Simon Schama is a genius. But that's not his greatest gift. There are few broadcasters whose erudition translates so beautifully into education by conversation, learning by contagious passion, and for once a creative balance between scepticism and faith, or to put it in other terms the complementarity of an hermeneutic of suspicion and an hermeneutic of trust. The new BBC1 series on the Story of the Jews began last Sunday evening and goes for a further 4 weeks.
I remember doing history of the Ancient Near East, the history and religion of Israel, and a wide ranging introduction to the Hebrew Bible as part of my Arts degree at Glasgow University – there I encountered an hermeneutic of supsicion, and little patience in the classroom with trust as faith commitment. I revisited some, but not much of that material in my theological education, this time in a College where trust and faith commitment were part of the hermeneutical process. Of course this was without ignoring or demeaning the gains from critical scholarship, with respectful practice of a disciplined critical and historical analysis of text, culture and context, and as part of a multi-disciplinary subject-field that was diverse and required an approach to learning we would now call integrated.

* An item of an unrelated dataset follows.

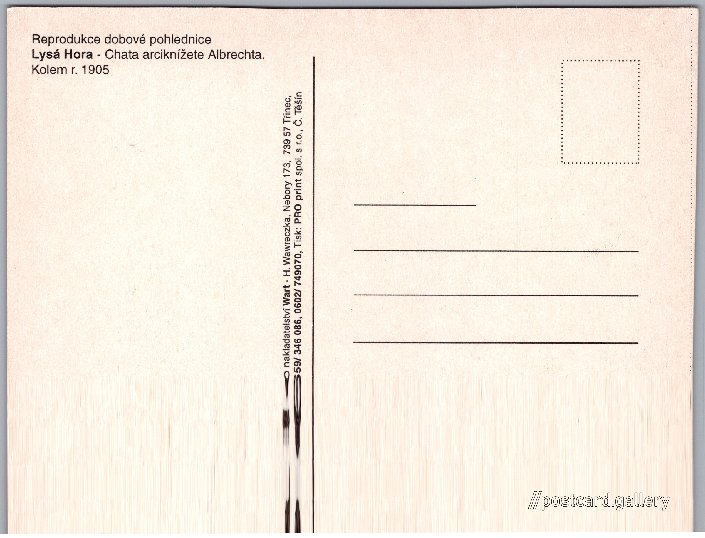Lysá hora, chata arciknížete Albrechta 10/12 Pokud chcete vidět pohlednice ve vyšším rozlišení nebo zobrazovat jejich zadní stranu, tak se prosím nejdříve přihlašte Přihlásit Zaregistrovat Erzherzog Albrecht-Schutzhaus auf der Lysa (1325 m) Reprodukce dobové pohledniceLysá Hora - Chata arciknížete Albrechta.Kolem r. 1905 Jazyk tištěného textu na pohlednici: čeština Lysá hora (1324 m), Hora, výškový bod, Krásná, Moravskoslezský kraj, Česko ukázat na mapě V blízkém okolí místa zobrazeného na pohlednici lze najít 10 jiných pohlednic. Zobrazit blízké pohlednice Datum vydání není známo Pomozte nám odhadnout datum vzniku pohlednice Velikost (š x v) a tvar pohlednice: 153 x 115 mm (6.02" x 4.53"), obdélník Čistá pohlednice (neprošlá poštou) DiskuseVložit příspěvek Přidat novou složku ... Spravovat složky ...

So this first episode was a treat. From the sceptical reflections on the absence of hard histoirical, archaeological evidence for the Exodus, to the sequence of family scenes at Passover celebrated in Schama's own household, to the ecstatic and passionate love for Torah, for words and for reading and for the scrolls, that is utterly characteristic, essential, to Judaism – this was wonderfully captured in the scenes at the synagogue. This is superb television; more than that it is a first class education at an accessible level in what it means to be a people of faith, albeit a faith diverse, historically rooted in change and continuity, and that continuity despite repeated persecution measurable on a scale stretching from ridicule to the Holocaust.

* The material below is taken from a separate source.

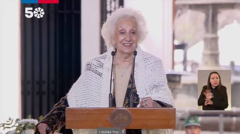 También se refirió al ambiente que se vive: “Ambos presidentes, Michelle Bachelet y Gabriel Boric, se advierte una atmósfera tensa, un clima muy tenso donde hay palabras que uno esperaría no escuchar en estos tiempos, y que hemos tenido que, la verdad, sufrir oyéndolas, porque ya creíamos que todos estábamos de acuerdo con que democracia siempre y nunca violación a los derechos humanos.

I don't always agree with some of the premises, or conclusions of the programme, but that is only judging by the first episode. We will wait and see what is still to come. But I look forward to sitting down with time and attentiveness in what is a master class in contemporary education that aims at heigtened awareness of issues, balanced provision of information, posing of questions that compel reflection rather than make-do answers, and that brings a world different from mine alive, with sympathy, insider knowledge, humour and Schama's geuine greatness as a scholar whose learning elicits admiration, and invites engagement with his world of thought.